Joined: Fri Feb 24, 2006 2:21 am
Posts: 541
Location: Yardley, PA (near Phila)
NH0401 wrote:
At the risk of veering even further off-topic:

The floating bolster style 3 motor trucks (GE FB-3 and EMD HTC) are not suitable for high speed service due to stiff primary suspension (elastomeric/steel "sandwiches) and the high unsprung weight of 3 motors. Lateral (yaw)forces of high magnitude (on account of the overall weight of the vehicle) are transmitted direct to the track structure, which can overturn rails.


Continuing slightly off topic - and certainly a somewhat vague extra credit question -
How did the GG-1 perform - what were it's strengths and weaknesses in regards to it's 2-C+C-2 wheel arrangement and motor locations?
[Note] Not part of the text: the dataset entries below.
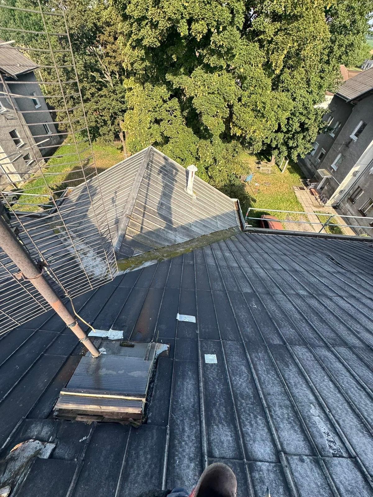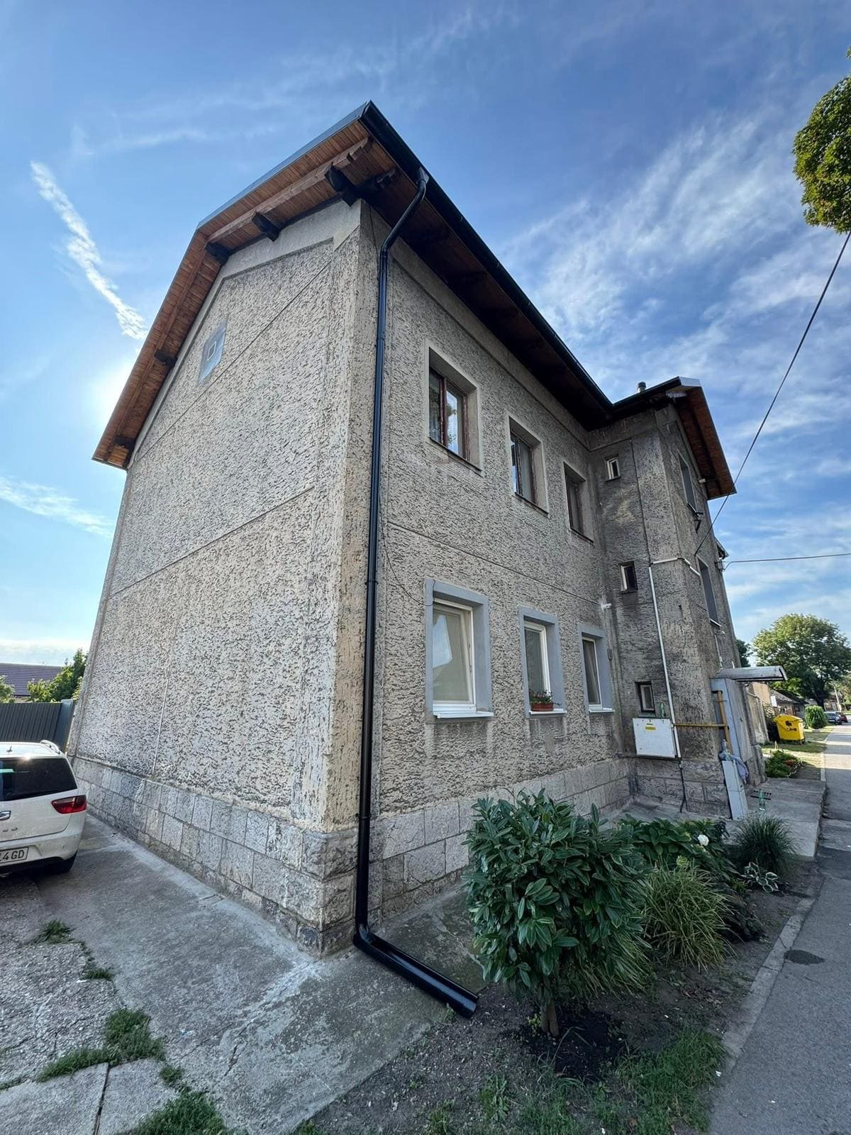 V Leopoldove sme realizovali kompletnú rekonštrukciu starej strechy na bytovom dome. Práce začali montážou lešenia a následnou demontážou pôvodnej strešnej krytiny. Po odkrytí konštrukcie nasledovala výmena poškodených trámov a ich brúsenie, aby bola zabezpečená pevnosť a dlhodobá životnosť krovu. Súčasťou rekonštrukcie bola aj demontáž starého podbitia okolo celého bytového domu a odstránenie pôvodného oplotenia z povaly. Výsledkom je technicky upravená a pripravená strecha na ďalšie stavebné práce s dôrazom na bezpečnosť a kvalitu prevedenia.
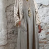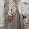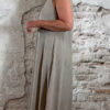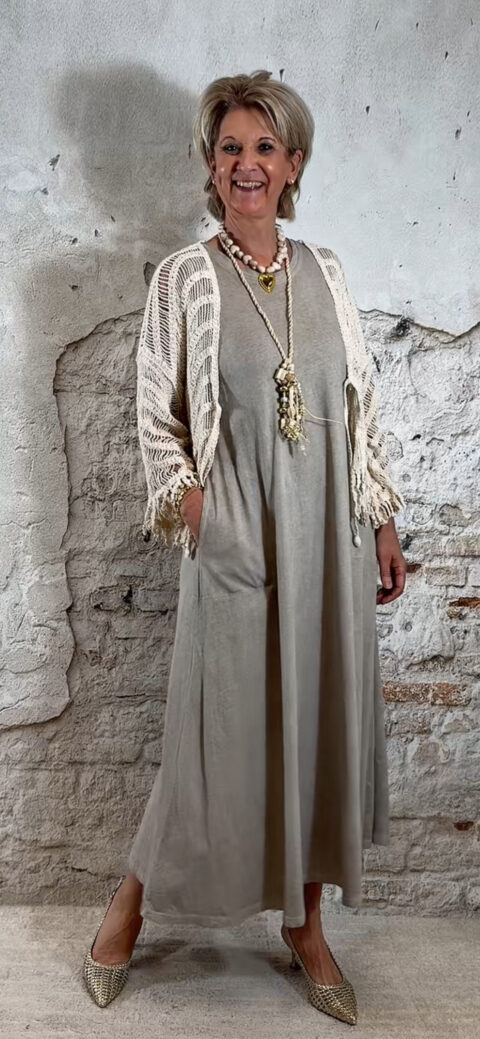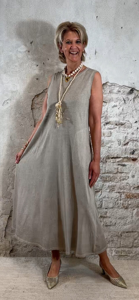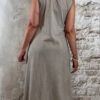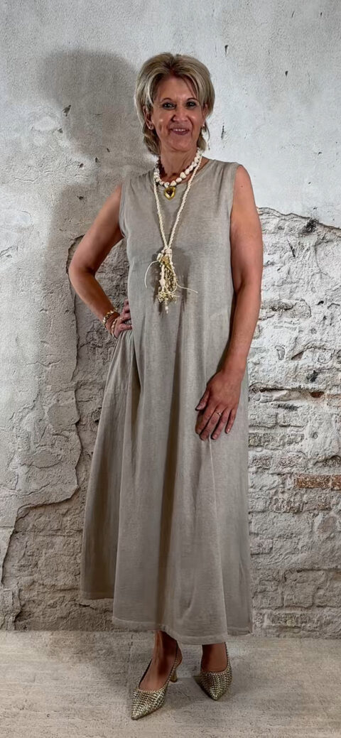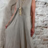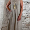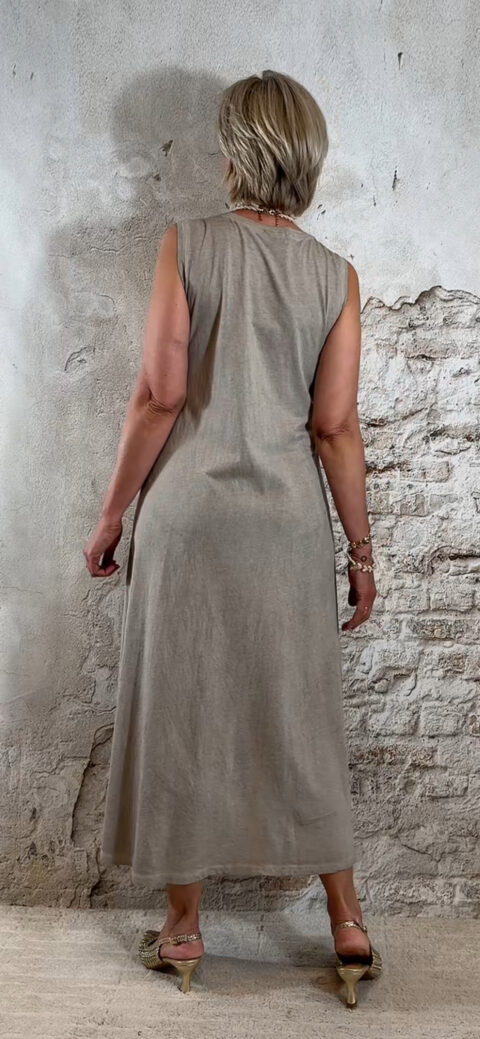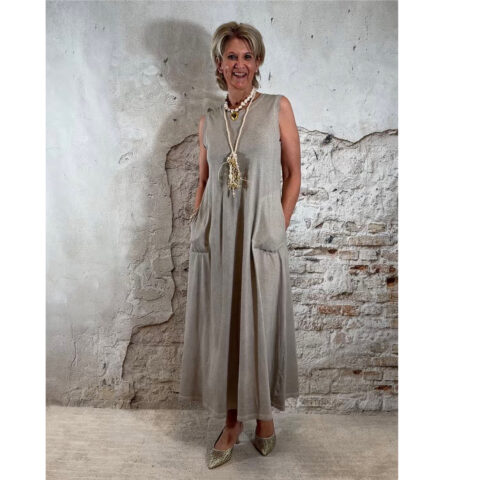De jurk valt lang en soepel langs het lichaam en heeft een relaxte pasvorm. Voorzien van zakken, wat hem niet alleen mooi maar ook praktisch maakt.
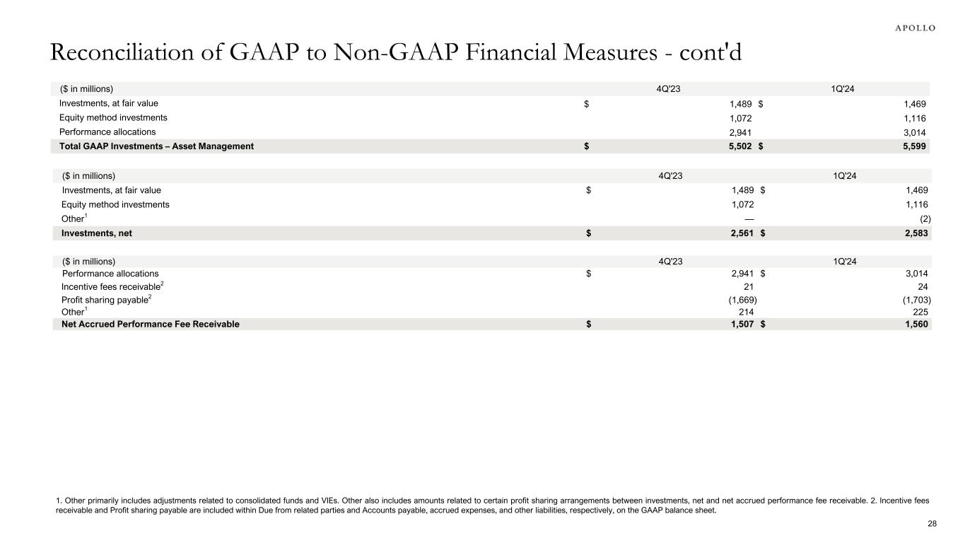 Year ended December 31, ($ in millions) 2014 2015 2016 2017 2018 2019 2020 2021 2022 2023 GAAP Net income (loss) attributable to Apollo Global Management, Inc. Common Stockholders $168 $134 $403 $616 $(42) $807 $120 $1,802 $(1,961) $5,001 Preferred dividends — — — 14 32 37 37 37 — 46 Net income (loss) attributable to non-controlling interests 562 216 567 814 29 693 310 2,428 (1,546) 1,462 GAAP Net income (loss) $730 $350 $970 $1,444 $19 $1,537 $467 $4,267 $(3,507) $6,509 Income tax provision (benefit) 147 27 91 326 86 (129) 86 594 (739) (923) GAAP Income (loss) before Income tax provision (benefit) $877 $377 $1,061 $1,770 $105 $1,408 $553 $4,861 $(4,246) $5,586 Asset Management Adjustments: Equity-based profit sharing expense and other1 — 1 3 7 91 96 129 146 276 239 Equity-based compensation 105 62 63 65 68 71 68 80 185 236 Special equity-based compensation and other charges2 — — — — — — — — — 438 Preferred dividends — — — (14) (32) (37) (37) (37) — — Transaction-related charges3 34 39 55 17 (6) 49 39 35 (42) 32 Merger-related transaction and integration costs4 — — — — — — — 67 70 27 Charges associated with corporate conversion — — — — — 22 4 — — — (Gains) losses from changes in tax receivable agreement liability (32) — (3) (200) (35) 50 (12) (10) 26 13 Net (income) loss attributable to non-controlling interests in consolidated entities (157) (21) (6) (9) (32) (31) (118) (418) 1,499 (1,556) Unrealized performance fees 1,348 358 (511) (689) 783 (435) (35) (1,465) (2) (127) Unrealized profit sharing expense (517) (137) 180 226 (275) 208 33 649 20 179 One-time equity-based compensation charges5 — — — — — — — 949 — — HoldCo interest and other financing costs 19 27 39 59 69 98 154 170 122 88 Unrealized principal investment (income) loss 22 13 (65) (95) 62 (88) (62) (222) 176 (88) Unrealized net (gains) losses from investment activities and other (260) (79) (139) (95) 193 (135) 421 (2,431) (144) 26 Retirement Services Adjustments: Investment (gains) losses, net of offsets — — — — — — — — 7,467 (170) Non-operating change in insurance liabilities and related derivatives6 — — — — — — — — (1,433) (182) Integration, restructuring and other non-operating expenses — — — — — — — — 133 130 Equity-based compensation expense — — — — — — — — 56 88 Segment Income $1,439 $640 $677 $1,042 $991 $1,276 $1,137 $2,374 $4,163 $4,959 HoldCo interest and other financing costs (19) (27) (39) (59) (69) (98) (154) (170) (122) (88) Taxes and related payables (74) (10) (10) (26) (44) (62) (90) (172) (795) (789) Adjusted Net Income $1,346 $603 $628 $957 $878 $1,116 $893 $2,032 $3,246 $4,082 Notable items — — — — — — — — 3 (115) Tax impact of notable items — — — — — — — — (1) 24 Adjusted Net Income, Excluding Notable Items $— $— $— $— $— $— $— $— $3,248 $3,991 Reconciliation of GAAP to Non-GAAP Financial Measures - cont'd 27 1. Equity-based profit sharing expense and other includes certain profit sharing arrangements in which a portion of performance fees distributed to the general partner are required to be used by employees of Apollo to purchase restricted shares of common stock or is delivered in the form of RSUs, which are granted under the Equity Plan. Equity-based profit sharing expense and other also includes performance grants which are tied to the Company’s receipt of performance fees, within prescribed periods, sufficient to cover the associated equity-based compensation expense. 2. Special equity-based compensation and other charges includes equity-based compensation expense and associated taxes related to the previously announced special fully vested equity grants to certain senior leaders. 3. Transaction-related charges include contingent consideration, equity-based compensation charges and the amortization of intangible assets and certain other charges associated with acquisitions, and restructuring charges. 4. Merger-related transaction and integration costs includes advisory services, technology integration, equity-based compensation charges and other costs associated with the Company’s merger with Athene. 5. Includes one-time equity-based compensation expense and associated taxes related to the Company’s compensation structure reset. 6. Includes change in fair values of derivatives and embedded derivatives, non-operating change in funding agreements, change in fair value of market risk benefits, and non-operating change in liability for future policy benefits.

What was it's top speed - it's recorded top speed on the Corridor? And I suppose, in a related question, the wheel arrangement of the AEM-7, a "Bo-bo" format.

NH0401 wrote:
The new Siemens electrics have many features not present in the AEM-7's such as various safety enhancements (AAR S-580 compliance-among others) and 100% redundancy in the HEP system. A new locomotive warranty (probably of the extended variety) will do wonders for the bottom line of the NEC, too.


What type of safety enhancements? Whoop -I see it: Locomotive crashworthiness.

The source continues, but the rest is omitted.